Inflation rose the most in 15 years in some of Latin America‘s largest economies last year, but credible monetary policies have kept long-term price increase expectations anchored, the International Monetary Fund said on Monday.
Brazil, Chile, Colombia, Mexico and Peru saw prices increase by 8.3% in 2021, the largest increase in 15 years and higher than in other emerging markets, the IMF said. Argentina, another large economy in the region, saw inflation rise over 50% last year.
Other than rising import and commodity prices, said the IMF, forex weakness and pent-up consumer demand, built-in increases that adjust with inflation have pushed prices even higher in some cases across Latam.
But in Brazil, Chile, Colombia, Mexico and Peru, central banks have earned their credibility as policy rates rose last year between 1.25 percentage points and 7.25 percentage points. Policy tightening, alongside forward guidance, have helped keep inflation expectations anchored, the Fund said.

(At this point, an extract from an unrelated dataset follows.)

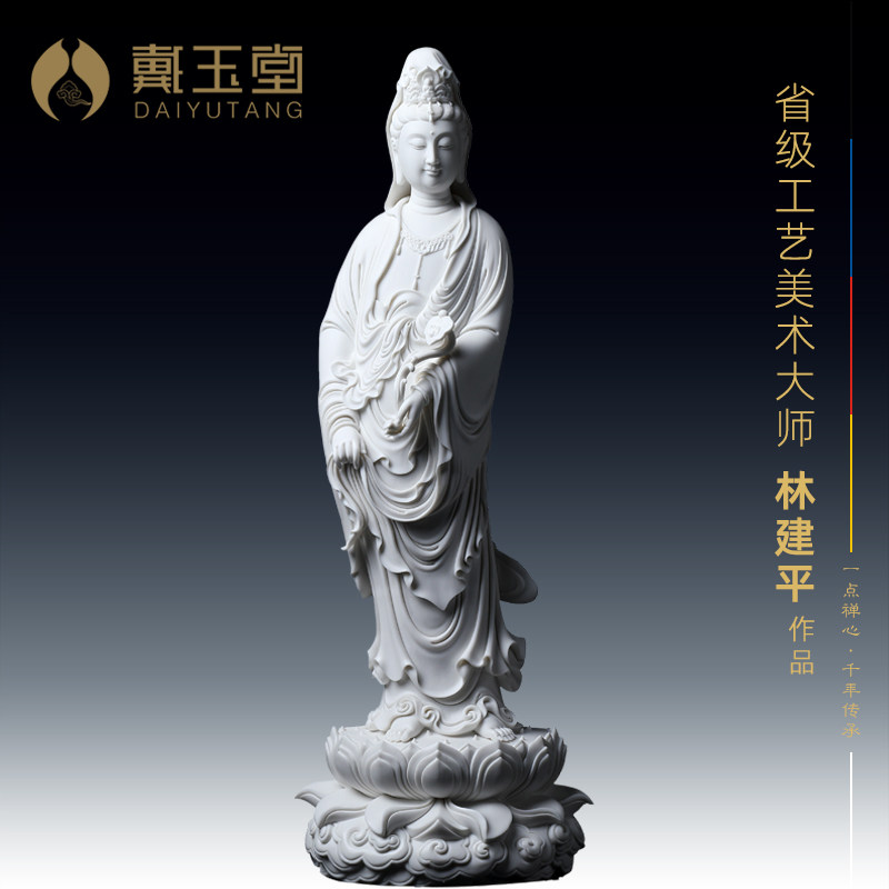 戴玉堂立莲南海观音像佛像家用陶瓷普陀山观世音菩萨站像站立神像

“Long-term inflation expectations remain relatively well-anchored, which reflects trust in monetary policy to bring inflation back to targets. However, short-term inflation expectations are elevated, suggesting the need for continued vigilance,” said the IMF.
Tighter monetary policy in the United States, which typically increases pressure on Latam and other emerging markets, is another variable the region needs to take into account.
“Policymakers could prepare for U.S. monetary policy tightening by extending public debt maturities, reducing fiscal rollover needs more generally, and limiting the buildup of currency mismatches on financial sector balance sheets where possible,” the IMF said.
Social tensions linger
Price pressures alongside a busy electoral calendar this year and a growth slowdown continue to keep social unrest as a high regional risk.
“The pandemic hit after a year of widespread social unrest in the region, which had built up during years of economic stagnation following the end of the commodity boom. With a heavy election calendar looming, social unrest remains a major risk and inequality will need to be addressed,” the IMF said.
The IMF last week lowered its expectation for 2022 GDP growth in Latin America and the Caribbean by 0.6 percentage point to 2.4% for this year after an estimated 6.8% rebound in 2021.
The Fund cited slower growth in China and the United States, logistics bottlenecks and the emergence of the Omicron variant in its regional downgrade.
This has left the region facing what the Fund calls three major challenges: ensuring the sustainability of public finances, raising potential growth and doing it in a manner that promotes social cohesion and addresses social inequities.
“Addressing these challenges, which started even before the pandemic, will take time. Policymakers should start now to develop a comprehensive strategy for addressing them and building societal consensus around this strategy,” the Fund said.